--- Listed records Enclosed Below ---
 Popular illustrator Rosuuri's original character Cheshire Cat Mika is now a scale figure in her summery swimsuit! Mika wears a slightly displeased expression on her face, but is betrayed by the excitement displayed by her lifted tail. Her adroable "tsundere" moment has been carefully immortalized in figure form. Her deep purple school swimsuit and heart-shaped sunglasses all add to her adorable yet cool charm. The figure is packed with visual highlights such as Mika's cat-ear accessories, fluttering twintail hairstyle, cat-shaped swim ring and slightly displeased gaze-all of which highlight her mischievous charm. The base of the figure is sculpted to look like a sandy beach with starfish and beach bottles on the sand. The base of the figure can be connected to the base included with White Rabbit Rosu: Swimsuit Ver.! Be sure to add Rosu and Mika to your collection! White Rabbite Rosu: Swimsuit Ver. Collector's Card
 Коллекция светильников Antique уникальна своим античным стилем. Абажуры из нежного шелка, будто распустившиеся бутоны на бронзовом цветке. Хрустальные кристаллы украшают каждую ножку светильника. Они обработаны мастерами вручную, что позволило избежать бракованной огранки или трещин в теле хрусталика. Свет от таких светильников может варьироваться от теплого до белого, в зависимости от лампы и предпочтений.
--- End of Enclosed Listed records ---
--- Listed records Enclosed Below ---
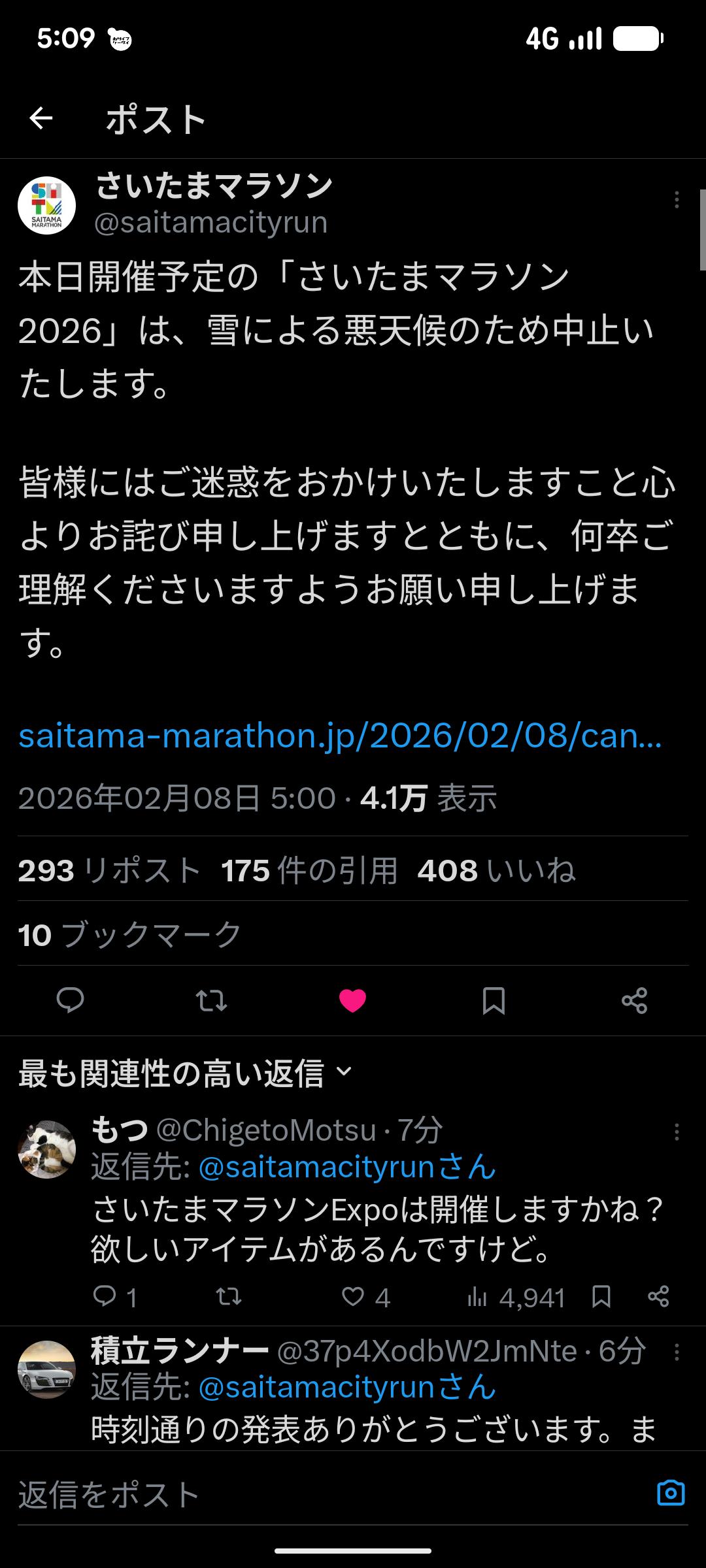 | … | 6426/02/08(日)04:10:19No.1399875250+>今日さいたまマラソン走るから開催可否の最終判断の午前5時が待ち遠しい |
--- End of Enclosed Listed records ---
Your task is to retype the entries verbatim, starting with the line that holds "Popular illustrator Rosuuri's" and stopping after the line that holds "Коллекция светильников Antique".

 Popular illustrator Rosuuri's original character Cheshire Cat Mika is now a scale figure in her summery swimsuit! Mika wears a slightly displeased expression on her face, but is betrayed by the excitement displayed by her lifted tail. Her adroable "tsundere" moment has been carefully immortalized in figure form. Her deep purple school swimsuit and heart-shaped sunglasses all add to her adorable yet cool charm. The figure is packed with visual highlights such as Mika's cat-ear accessories, fluttering twintail hairstyle, cat-shaped swim ring and slightly displeased gaze-all of which highlight her mischievous charm. The base of the figure is sculpted to look like a sandy beach with starfish and beach bottles on the sand. The base of the figure can be connected to the base included with White Rabbit Rosu: Swimsuit Ver.! Be sure to add Rosu and Mika to your collection! White Rabbite Rosu: Swimsuit Ver. Collector's Card
 Коллекция светильников Antique уникальна своим античным стилем. Абажуры из нежного шелка, будто распустившиеся бутоны на бронзовом цветке. Хрустальные кристаллы украшают каждую ножку светильника. Они обработаны мастерами вручную, что позволило избежать бракованной огранки или трещин в теле хрусталика. Свет от таких светильников может варьироваться от теплого до белого, в зависимости от лампы и предпочтений.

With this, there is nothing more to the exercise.